### RECORDS SUPPLIED
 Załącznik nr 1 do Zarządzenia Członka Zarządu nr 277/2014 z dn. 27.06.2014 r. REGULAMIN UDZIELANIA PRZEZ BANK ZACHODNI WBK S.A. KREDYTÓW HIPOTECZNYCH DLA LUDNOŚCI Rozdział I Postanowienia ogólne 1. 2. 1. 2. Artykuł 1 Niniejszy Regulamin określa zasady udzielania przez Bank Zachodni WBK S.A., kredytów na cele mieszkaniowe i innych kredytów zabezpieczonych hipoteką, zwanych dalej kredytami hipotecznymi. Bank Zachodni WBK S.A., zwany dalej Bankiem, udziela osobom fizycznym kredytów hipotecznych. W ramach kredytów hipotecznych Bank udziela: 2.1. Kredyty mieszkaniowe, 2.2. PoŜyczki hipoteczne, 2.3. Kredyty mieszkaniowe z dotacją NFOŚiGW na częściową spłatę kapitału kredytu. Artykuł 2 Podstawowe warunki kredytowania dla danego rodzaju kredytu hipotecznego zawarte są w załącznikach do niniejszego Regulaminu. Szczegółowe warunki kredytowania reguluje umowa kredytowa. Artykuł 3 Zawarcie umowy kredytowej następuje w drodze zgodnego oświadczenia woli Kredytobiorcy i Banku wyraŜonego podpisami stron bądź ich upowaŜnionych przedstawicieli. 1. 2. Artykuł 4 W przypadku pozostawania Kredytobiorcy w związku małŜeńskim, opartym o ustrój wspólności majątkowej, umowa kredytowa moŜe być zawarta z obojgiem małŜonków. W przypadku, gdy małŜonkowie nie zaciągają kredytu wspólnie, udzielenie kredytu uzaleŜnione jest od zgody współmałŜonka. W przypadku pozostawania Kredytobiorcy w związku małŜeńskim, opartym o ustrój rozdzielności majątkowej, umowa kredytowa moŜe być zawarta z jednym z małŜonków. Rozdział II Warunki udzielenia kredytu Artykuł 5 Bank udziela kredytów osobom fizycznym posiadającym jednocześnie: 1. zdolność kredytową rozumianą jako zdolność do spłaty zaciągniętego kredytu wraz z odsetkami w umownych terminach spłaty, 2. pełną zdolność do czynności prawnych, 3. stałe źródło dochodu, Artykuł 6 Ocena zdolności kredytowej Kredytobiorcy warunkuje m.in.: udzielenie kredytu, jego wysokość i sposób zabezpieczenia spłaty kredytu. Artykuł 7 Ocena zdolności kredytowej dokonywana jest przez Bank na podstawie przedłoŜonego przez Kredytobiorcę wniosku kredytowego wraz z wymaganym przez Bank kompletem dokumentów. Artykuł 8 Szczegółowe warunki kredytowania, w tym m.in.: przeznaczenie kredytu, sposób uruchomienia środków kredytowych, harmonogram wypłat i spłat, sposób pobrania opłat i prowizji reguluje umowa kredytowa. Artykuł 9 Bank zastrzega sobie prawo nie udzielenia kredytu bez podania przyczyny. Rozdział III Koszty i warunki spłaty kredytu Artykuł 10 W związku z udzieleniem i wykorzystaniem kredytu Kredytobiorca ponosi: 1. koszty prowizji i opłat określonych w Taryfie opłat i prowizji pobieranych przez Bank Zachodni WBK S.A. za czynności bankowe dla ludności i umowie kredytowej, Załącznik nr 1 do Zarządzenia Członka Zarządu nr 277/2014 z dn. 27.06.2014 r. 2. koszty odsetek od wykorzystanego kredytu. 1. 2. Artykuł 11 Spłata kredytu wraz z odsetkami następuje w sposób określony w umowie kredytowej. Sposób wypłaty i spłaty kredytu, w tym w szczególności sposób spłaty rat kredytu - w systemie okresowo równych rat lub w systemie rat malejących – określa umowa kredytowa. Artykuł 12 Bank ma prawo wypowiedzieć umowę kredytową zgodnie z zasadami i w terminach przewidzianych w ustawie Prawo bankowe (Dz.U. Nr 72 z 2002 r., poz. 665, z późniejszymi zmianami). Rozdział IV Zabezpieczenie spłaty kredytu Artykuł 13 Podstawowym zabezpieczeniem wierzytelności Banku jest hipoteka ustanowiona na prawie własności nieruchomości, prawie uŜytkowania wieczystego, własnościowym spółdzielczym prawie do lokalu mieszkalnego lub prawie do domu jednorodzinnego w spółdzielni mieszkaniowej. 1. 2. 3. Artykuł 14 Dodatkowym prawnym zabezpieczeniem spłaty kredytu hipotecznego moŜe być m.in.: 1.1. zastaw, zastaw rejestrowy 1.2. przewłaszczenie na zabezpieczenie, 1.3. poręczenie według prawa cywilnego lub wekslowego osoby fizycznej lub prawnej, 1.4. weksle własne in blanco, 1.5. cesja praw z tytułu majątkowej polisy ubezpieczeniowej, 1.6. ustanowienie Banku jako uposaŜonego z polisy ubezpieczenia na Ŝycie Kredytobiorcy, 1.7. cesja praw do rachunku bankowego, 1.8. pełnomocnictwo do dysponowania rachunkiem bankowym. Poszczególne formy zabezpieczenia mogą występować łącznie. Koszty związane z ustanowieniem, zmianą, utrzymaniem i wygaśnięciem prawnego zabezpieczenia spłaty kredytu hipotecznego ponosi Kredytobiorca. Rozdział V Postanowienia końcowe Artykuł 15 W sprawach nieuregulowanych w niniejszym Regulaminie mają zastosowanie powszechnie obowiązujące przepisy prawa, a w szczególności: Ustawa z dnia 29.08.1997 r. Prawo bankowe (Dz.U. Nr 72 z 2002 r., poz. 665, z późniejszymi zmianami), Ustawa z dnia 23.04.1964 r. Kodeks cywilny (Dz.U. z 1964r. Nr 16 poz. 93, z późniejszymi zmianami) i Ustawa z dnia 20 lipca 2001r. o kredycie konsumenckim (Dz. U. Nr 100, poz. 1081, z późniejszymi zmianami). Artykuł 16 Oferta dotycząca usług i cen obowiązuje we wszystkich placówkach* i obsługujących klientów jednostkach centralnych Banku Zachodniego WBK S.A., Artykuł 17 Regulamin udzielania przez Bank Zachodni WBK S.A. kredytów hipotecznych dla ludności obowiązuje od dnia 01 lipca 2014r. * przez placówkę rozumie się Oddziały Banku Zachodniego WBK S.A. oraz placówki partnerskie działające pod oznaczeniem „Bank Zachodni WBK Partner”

---

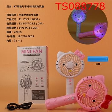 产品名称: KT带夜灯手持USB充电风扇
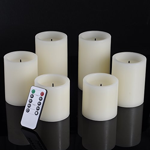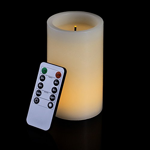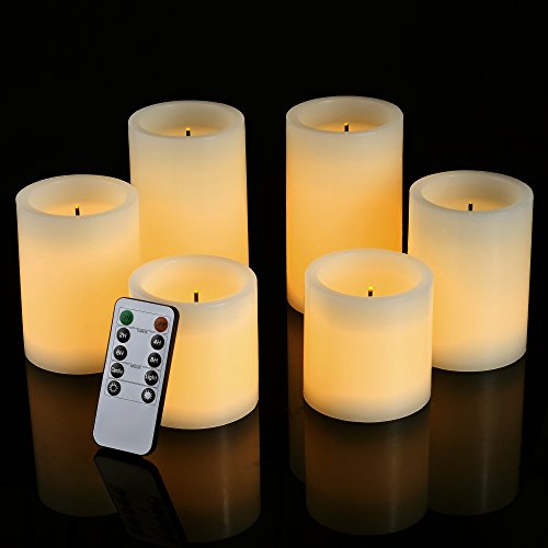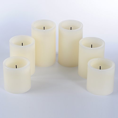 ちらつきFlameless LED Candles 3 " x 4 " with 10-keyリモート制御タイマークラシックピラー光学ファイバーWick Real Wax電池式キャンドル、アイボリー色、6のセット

### TASK ITEM
The copy should hold exactly the lines above from the one with "产品名称: KT带夜灯手持USB充电风扇" through the one with "ちらつきFlameless LED Candles", both ends counted, and no pictures at all.

### ANSWER SPACE
 产品名称: KT带夜灯手持USB充电风扇
 ちらつきFlameless LED Candles 3 " x 4 " with 10-keyリモート制御タイマークラシックピラー光学ファイバーWick Real Wax電池式キャンドル、アイボリー色、6のセット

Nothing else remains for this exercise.